Stored dataset items
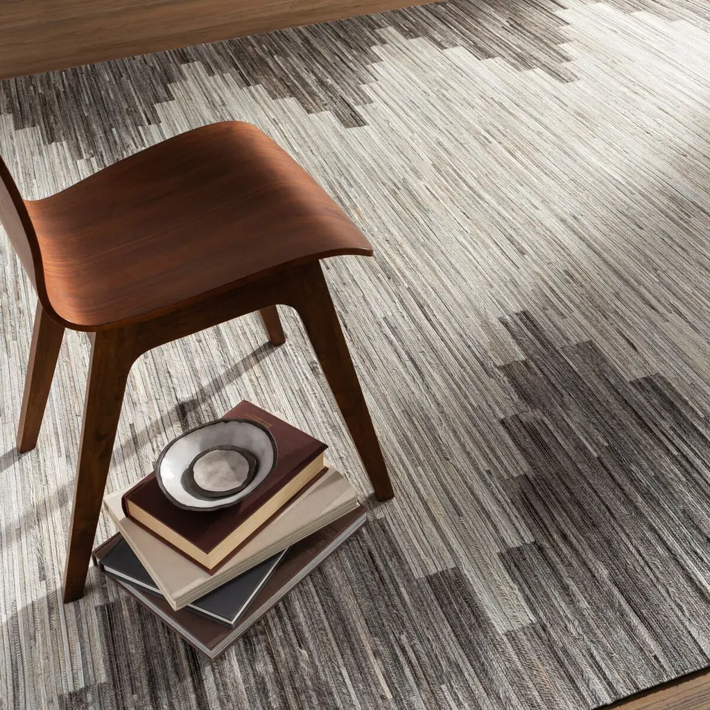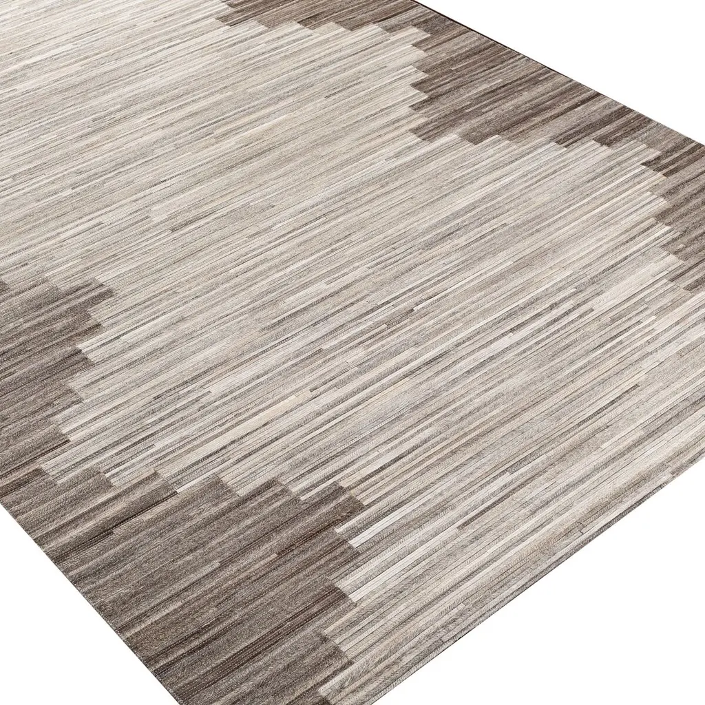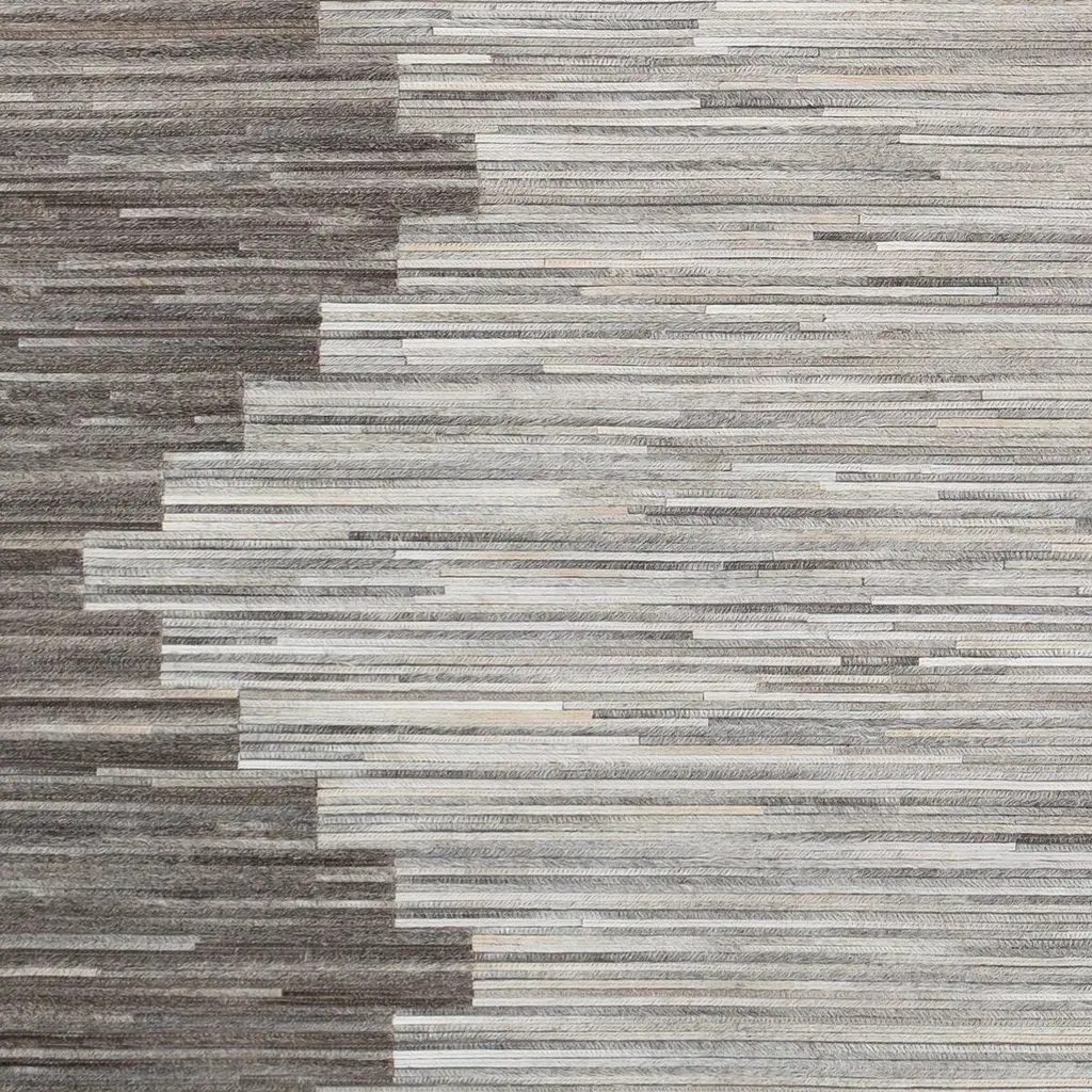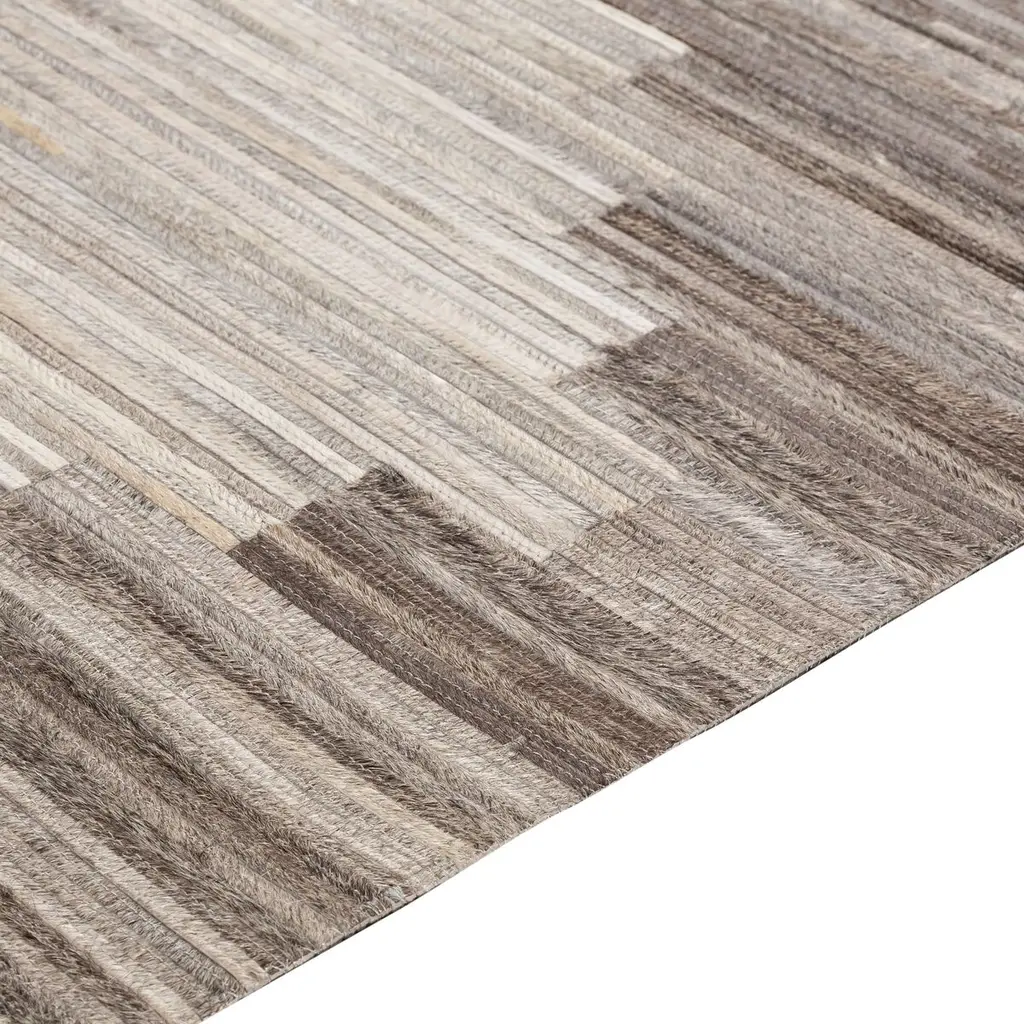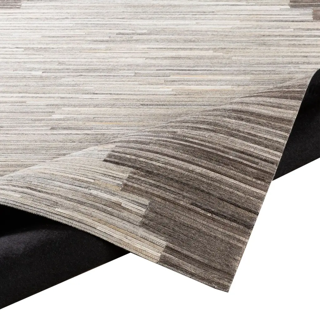 Slender strips of hair-on hide are artfully pieced together to give this handcrafted rug its bold pattern, lush tonal variety, and sumptuous look and feel. A rug pad is recommended to prevent slipping and extend the life of the rug.
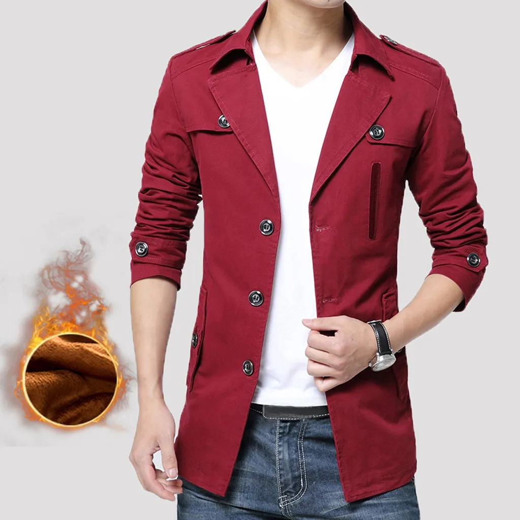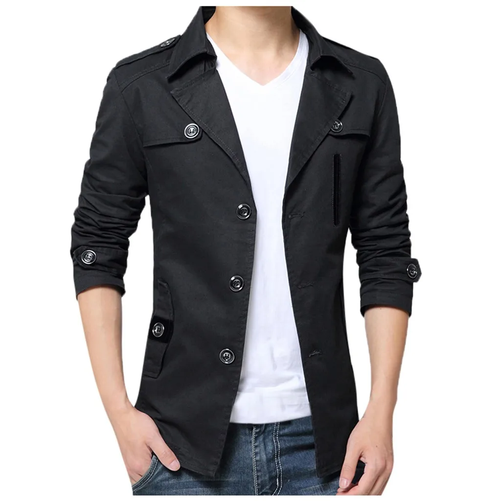 Мужская осенне-зимняя повседневная модная однотонная куртка на пуговицах, верхняя одежда, пальто, топы
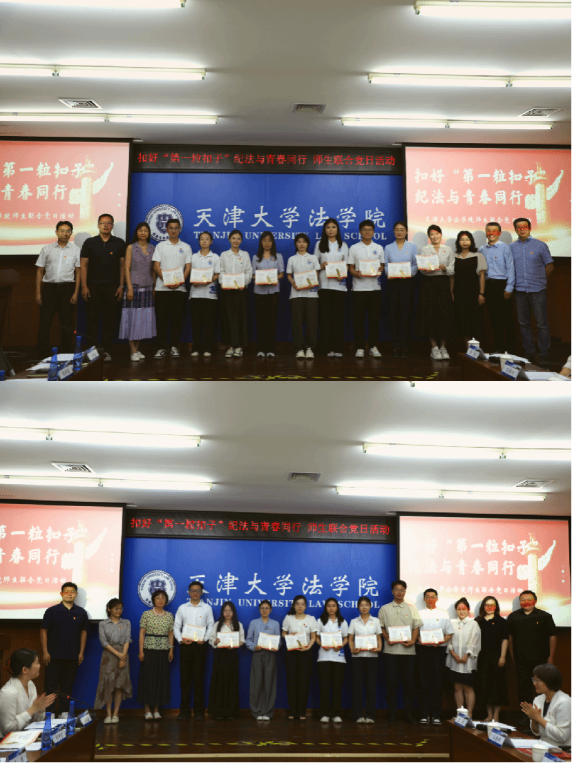 (通讯员:代一然 摄影:周泓佚)青春逢盛世,纪法正当时。为深入贯彻中央八项规定精神,引导青年学子筑牢思想防线,培养知法、守法、护法的法治人才,6月24日,法学院于332会议室开展“扣好第一粒扣子,纪法与青春同行”师生联合党日活动。本次活动由法学院教工第二党支部、博士生第一党支部和2022级硕士生第二党支部共同开展,是属于2025届硕博毕业生党员的“最后一课”。天津大学党委常委、副校长郑刚,天津大学教师工作部部长、人事处处长马德刚,天津大学法学院院长孙佑海、党委书记管虹及学院领导班子成员出席本次活动,活动由博士生第一党支部书记赵旖鑫主持。
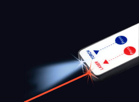 Llavero con Puntero Láser y Linterna LED. Presentación en funda negra.
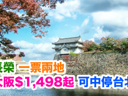 一票兩地!長榮.香港來回大阪只需$1,498起!可中停台北!2017年6月30日前出發
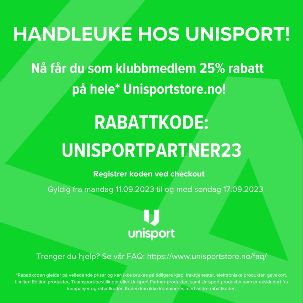 Ved å benytte rabattkoden nedenfor, vil klubbens medlemmer få 25% rabatt på Unisportstore.no*.
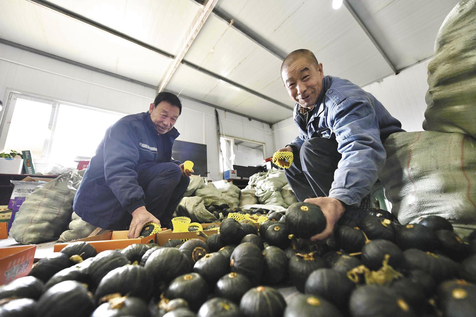 務(wù)工人員將收獲的南瓜進(jìn)行分揀包裝
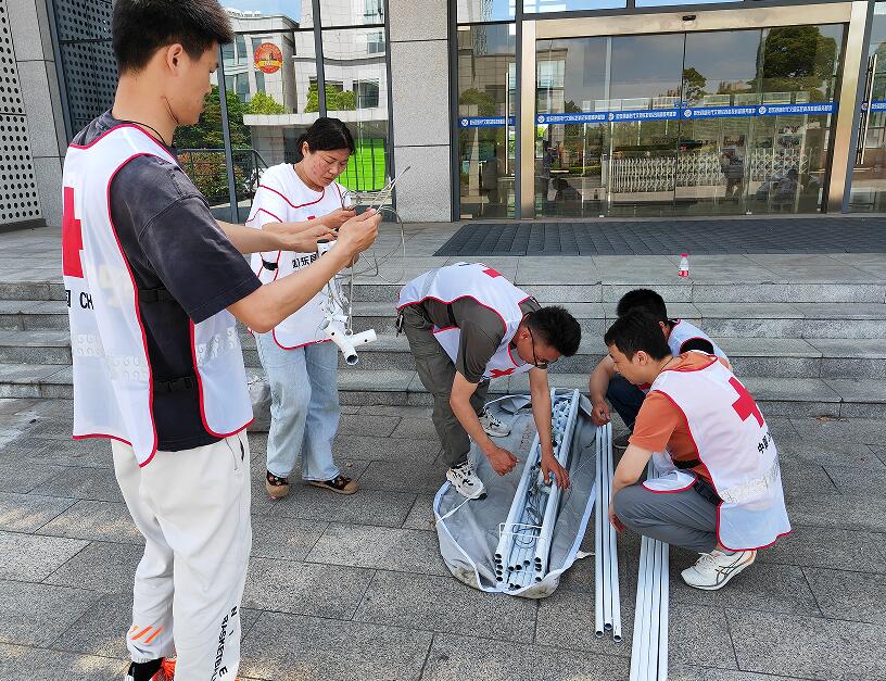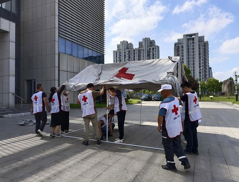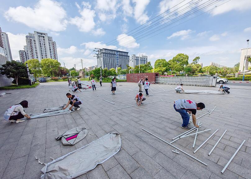 5月19日,如东县红十字赈济救援队组织开展12㎡救灾帐篷搭建训练。
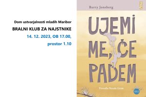 Dragi mladi bralci, z velikim veseljem vabimo na srečanje BRALNEGA KLUBA za najstnike! V prostorih DUM-a (Razlagova 16, Maribor – sedež ZPM Maribor) bomo znova gostili bralce, ki ne samo uživate v branju, ampak bi se radi tudi aktivno pogovarjali o knjigah, ki jih preberete. Bralni klub je namenjen učenkam in učencem od 6 do 9. razreda. Vabimo vas: Datum: 14. 12. 2023, ob 17.00 Kraj: ZPM Maribor, Razlagova 16 Moderatorica: Mateja Vdovič Knjiga: "Ujemi me, če padem" (Barry Jonsberg,
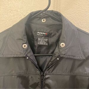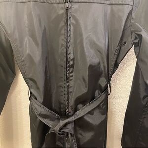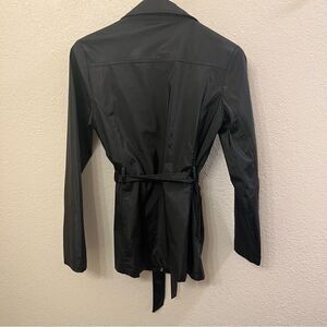 This belted black jacket is from Helium. The item has long sleeves and a zipper front. The jacket shell is made from 100% polyester. The lining is out of 100% polyester. The size is small. The measurements are 26” L x 18” W (pit to pit) x 23” sleeve (shoulder to cuff). This jacket has been gently worn but it is in very good condition.

### Task prompt
Could you set down the records above word for word, without any of the pictures?

### Exercise output
 Slender strips of hair-on hide are artfully pieced together to give this handcrafted rug its bold pattern, lush tonal variety, and sumptuous look and feel. A rug pad is recommended to prevent slipping and extend the life of the rug.
 Мужская осенне-зимняя повседневная модная однотонная куртка на пуговицах, верхняя одежда, пальто, топы
 (通讯员:代一然 摄影:周泓佚)青春逢盛世,纪法正当时。为深入贯彻中央八项规定精神,引导青年学子筑牢思想防线,培养知法、守法、护法的法治人才,6月24日,法学院于332会议室开展“扣好第一粒扣子,纪法与青春同行”师生联合党日活动。本次活动由法学院教工第二党支部、博士生第一党支部和2022级硕士生第二党支部共同开展,是属于2025届硕博毕业生党员的“最后一课”。天津大学党委常委、副校长郑刚,天津大学教师工作部部长、人事处处长马德刚,天津大学法学院院长孙佑海、党委书记管虹及学院领导班子成员出席本次活动,活动由博士生第一党支部书记赵旖鑫主持。
 Llavero con Puntero Láser y Linterna LED. Presentación en funda negra.
 一票兩地!長榮.香港來回大阪只需$1,498起!可中停台北!2017年6月30日前出發
 Ved å benytte rabattkoden nedenfor, vil klubbens medlemmer få 25% rabatt på Unisportstore.no*.
 務(wù)工人員將收獲的南瓜進(jìn)行分揀包裝
 5月19日,如东县红十字赈济救援队组织开展12㎡救灾帐篷搭建训练。
 Dragi mladi bralci, z velikim veseljem vabimo na srečanje BRALNEGA KLUBA za najstnike! V prostorih DUM-a (Razlagova 16, Maribor – sedež ZPM Maribor) bomo znova gostili bralce, ki ne samo uživate v branju, ampak bi se radi tudi aktivno pogovarjali o knjigah, ki jih preberete. Bralni klub je namenjen učenkam in učencem od 6 do 9. razreda. Vabimo vas: Datum: 14. 12. 2023, ob 17.00 Kraj: ZPM Maribor, Razlagova 16 Moderatorica: Mateja Vdovič Knjiga: "Ujemi me, če padem" (Barry Jonsberg,
 This belted black jacket is from Helium. The item has long sleeves and a zipper front. The jacket shell is made from 100% polyester. The lining is out of 100% polyester. The size is small. The measurements are 26” L x 18” W (pit to pit) x 23” sleeve (shoulder to cuff). This jacket has been gently worn but it is in very good condition.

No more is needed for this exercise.